§ **ACTION ITEM**
Only these lines of the data below are wanted: the one with "beautiful outdoor wedding", the one with "cu decolteu adânc", and any lines between them, each repeated exactly.

==== GIVEN INFORMATION

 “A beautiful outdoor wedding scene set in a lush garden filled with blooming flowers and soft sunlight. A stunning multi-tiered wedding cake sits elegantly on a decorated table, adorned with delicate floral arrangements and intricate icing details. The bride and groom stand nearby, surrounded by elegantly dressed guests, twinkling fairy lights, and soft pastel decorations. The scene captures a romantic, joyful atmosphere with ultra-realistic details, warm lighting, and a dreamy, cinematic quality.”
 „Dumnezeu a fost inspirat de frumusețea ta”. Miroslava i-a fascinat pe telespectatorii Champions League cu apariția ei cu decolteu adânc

========
==== GIVEN INFORMATION

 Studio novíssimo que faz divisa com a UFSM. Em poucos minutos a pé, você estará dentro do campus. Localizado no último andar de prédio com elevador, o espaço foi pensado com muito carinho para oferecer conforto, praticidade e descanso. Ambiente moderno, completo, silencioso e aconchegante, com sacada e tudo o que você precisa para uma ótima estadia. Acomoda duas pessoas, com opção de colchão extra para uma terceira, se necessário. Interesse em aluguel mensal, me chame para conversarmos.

========

§ **FINISHED EXERCISE**
 “A beautiful outdoor wedding scene set in a lush garden filled with blooming flowers and soft sunlight. A stunning multi-tiered wedding cake sits elegantly on a decorated table, adorned with delicate floral arrangements and intricate icing details. The bride and groom stand nearby, surrounded by elegantly dressed guests, twinkling fairy lights, and soft pastel decorations. The scene captures a romantic, joyful atmosphere with ultra-realistic details, warm lighting, and a dreamy, cinematic quality.”
 „Dumnezeu a fost inspirat de frumusețea ta”. Miroslava i-a fascinat pe telespectatorii Champions League cu apariția ei cu decolteu adânc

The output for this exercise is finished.